Structured data for GLAM-Wiki/Intro

Structured data for GLAM-Wiki

How do we humans make sense of all the data that gets generated in the world? Through our memory, and through the records we keep. How do machines make sense of all the data that gets generated in the world? Through what programmers call structured data.

Structured data is a way of formally describing objects and relationships in the world that is flexible enough to accommodate what we know, and still be understood by computers.

A short, beginner-level introduction to Structured Data on Wikimedia Commons (3 minutes 43 seconds)

How does it work?

Structured data on Wikimedia projects describes things in the world (creative works, people, media files...) with properties and values. One way to understand this, is to consider a driver’s license, which consists of various properties such as name, address, date of birth, eye color, and license number, and corresponding values which are specific to the individual.
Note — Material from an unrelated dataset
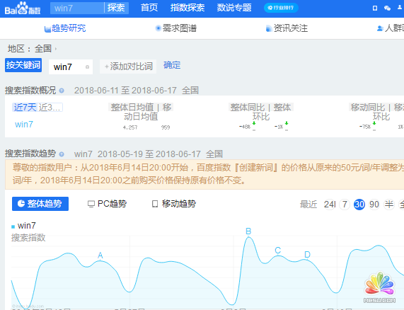 看看 win7 这个词的百度指数。

Take a moment to consider what the properties and values of a creative work could be. With structured data, one can assemble as many property-value combinations as one likes. They can describe many different aspects of a creative work: when it was made, by whom, of which materials, and in which collection it is held.

Example

Given a painting, what might some of its properties be?

  • Painted by.
  • The subjects depicted in the painting.
  • Date of creation.

What then are its corresponding values? They might be, respectively:

  • "Thomas Eakins,"
  • "boy,"
  • and "1878."

These are just some of the details we are used to, but property-value combinations are only limited by what one can imagine describing. One might also include properties like "material used," "collection," "height," and "width."
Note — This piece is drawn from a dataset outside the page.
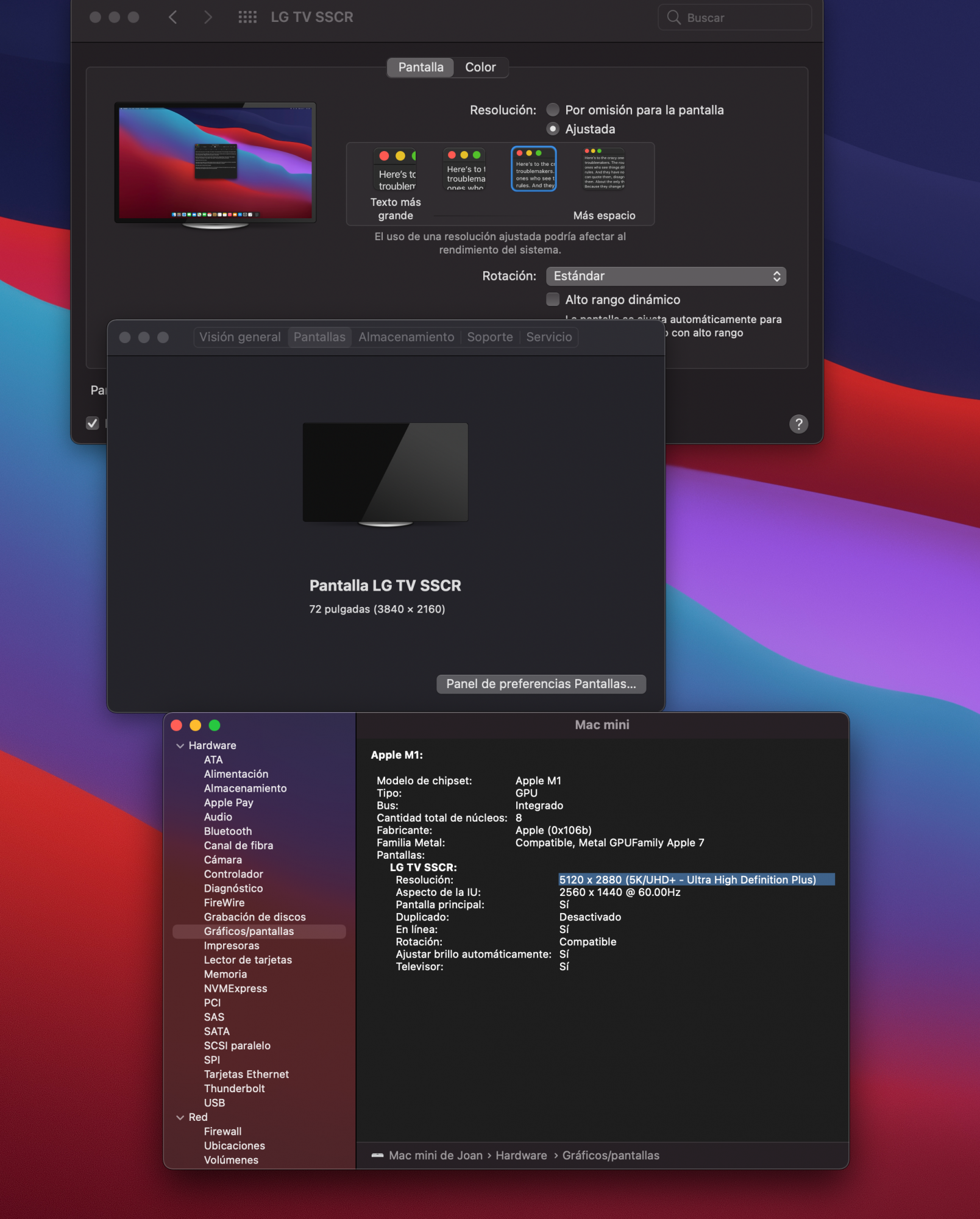 MacOS Big Sur detects the LG 48CX as a 72 "screen "LG TV SSCR" ...

Property and value pairs show up all over the structured data format that Wikimedia projects use, so it’s a good idea to practice thinking of things in this way. If we consider the figure above, we see that structured data forms an almost infinite network of relationships between different data items or entities.

The values in the pairs can, themselves, branch into new property-value pairs: "Thomas Eakins," "banjo," "watercolor painting," and "Metropolitan Museum of Art" can each spawn their own branches.

In fact, structured data on Wikimedia projects forms a very large, multidimensional graph; a map of knowledge, of connected things in the world, that both humans and machines can read and derive meaning from.

Structured data on Wikimedia projects is multilingual

This multidimensional graph of structured human knowledge is designed to be useful to as many people as possible. Entities on Wikidata - both properties and items - are designed to be multilingual. Wikimedia volunteers add labels (similar to names) and aliases (alternative names, spellings...) to them in many languages. In this way, structured data from Wikimedia helps to make information discoverable, no matter in which language you will search.

Example

Structured data on Wikimedia projects is machine-readable

Structured data on Wikimedia is also designed in such a way that it can easily be re-used and remixed by programmers. Software developers use the API (Application Programming Interface) and data access of Wikidata and Wikimedia Commons to create many diverse applications.

Learn more
Examples
  • Open Art Browser
  • The Astrolabe Explorer
  • Dwynwen, a Wikidata-driven interface to the collections of the National Library of Wales (blog post)
  • Interactive timeline of the Museo del Prado:

Structured data on Wikipedia and other Wikimedia projects

Wikimedia projects make more and more use of structured data. You can see structured data in action in various projects:

Wikidata

Wikidata, a sister project of Wikipedia, is the free knowledge base of the Wikimedia ecosystem. Wikidata is the main project that stores freely editable and re-usable, multilingual, structured data.

Wikidata contains tens of millions of data items (or entities) about notable things in the world: places, people, abstract concepts, creative works...

Wikimedia Commons

Wikimedia Commons is a free source of volunteer-contributed media files and their associated metadata. It contains more than 50 million files: images, audio, video...

Many of these files on Wikimedia Commons have been contributed by cultural institutions - from large ones, like the National Archives of the United States, to very small organizations like the Jakob Smitsmuseum in Belgium.

Wikibase

Wikibase is not a website; it is a piece of software. Wikibase powers Wikidata, and the structured data on Wikimedia Commons. And, as free software, any individual or organization can download and use it to create their own, independent, structured data repositories. Many cultural institutions host their own Wikibase, like the German National Library and Rhizome.org.

 
Learn more

This introduction to structured data focuses on Wikimedia projects, not on individual organizations' use of Wikibase.

To learn more about Wikibase and get in touch with its community, check the website: https://wikiba.se/

Wikipedia

Wikipedia is an encyclopedia, describing knowledge about the world in text form. Structured data is not at the center there, but it appears in many places. Examples of structured data on Wikipedia include the authority control information on English Wikipedia, as well as many infoboxes on French, English, Portuguese, and other Wikipedias.

To apply Structured Data to other Wikimedia platforms, the Structured Data Across Wikimedia (SDAW) project is working to structure content on wikitext pages in a way that will be machine-recognizable and -relatable, to make reading, editing, and searching easier and more accessible across projects, such as Wikipedia in various languages, and on the internet.